━━━━━ Given data ━━━━━

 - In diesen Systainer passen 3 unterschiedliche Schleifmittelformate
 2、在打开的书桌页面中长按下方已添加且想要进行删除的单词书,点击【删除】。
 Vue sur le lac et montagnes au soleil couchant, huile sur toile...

━━━━━
━━━━━ Given data ━━━━━

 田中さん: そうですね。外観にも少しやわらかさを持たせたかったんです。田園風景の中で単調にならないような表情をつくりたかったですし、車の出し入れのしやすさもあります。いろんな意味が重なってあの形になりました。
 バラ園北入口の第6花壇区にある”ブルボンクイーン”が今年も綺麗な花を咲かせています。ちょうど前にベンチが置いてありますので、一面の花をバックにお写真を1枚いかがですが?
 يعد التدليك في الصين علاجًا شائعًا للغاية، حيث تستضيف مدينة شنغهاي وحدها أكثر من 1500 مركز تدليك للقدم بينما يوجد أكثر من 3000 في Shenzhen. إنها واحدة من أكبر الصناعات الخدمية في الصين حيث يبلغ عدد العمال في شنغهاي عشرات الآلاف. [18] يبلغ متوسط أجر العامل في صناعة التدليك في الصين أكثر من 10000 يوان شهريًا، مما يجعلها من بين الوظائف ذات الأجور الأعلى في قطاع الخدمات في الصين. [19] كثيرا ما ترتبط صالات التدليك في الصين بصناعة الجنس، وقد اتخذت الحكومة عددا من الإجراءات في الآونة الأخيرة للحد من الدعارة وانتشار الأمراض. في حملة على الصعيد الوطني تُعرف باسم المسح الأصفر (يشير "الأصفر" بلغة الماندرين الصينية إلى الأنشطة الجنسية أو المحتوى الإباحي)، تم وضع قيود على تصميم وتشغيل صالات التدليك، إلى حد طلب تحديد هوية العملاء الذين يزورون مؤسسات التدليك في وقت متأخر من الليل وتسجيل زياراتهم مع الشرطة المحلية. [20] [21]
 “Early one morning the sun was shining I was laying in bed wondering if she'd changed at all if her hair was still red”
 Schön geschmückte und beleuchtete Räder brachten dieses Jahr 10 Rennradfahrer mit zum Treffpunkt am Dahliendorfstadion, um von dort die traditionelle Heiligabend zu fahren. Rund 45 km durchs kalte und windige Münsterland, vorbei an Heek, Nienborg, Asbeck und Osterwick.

━━━━━

- Exercise details
Repeat exactly the lines above from the one with "- In diesen" up to and including the one with "Vue sur le lac". No other line belongs in the reply.

- Response to the exercise
 - In diesen Systainer passen 3 unterschiedliche Schleifmittelformate
 2、在打开的书桌页面中长按下方已添加且想要进行删除的单词书,点击【删除】。
 Vue sur le lac et montagnes au soleil couchant, huile sur toile...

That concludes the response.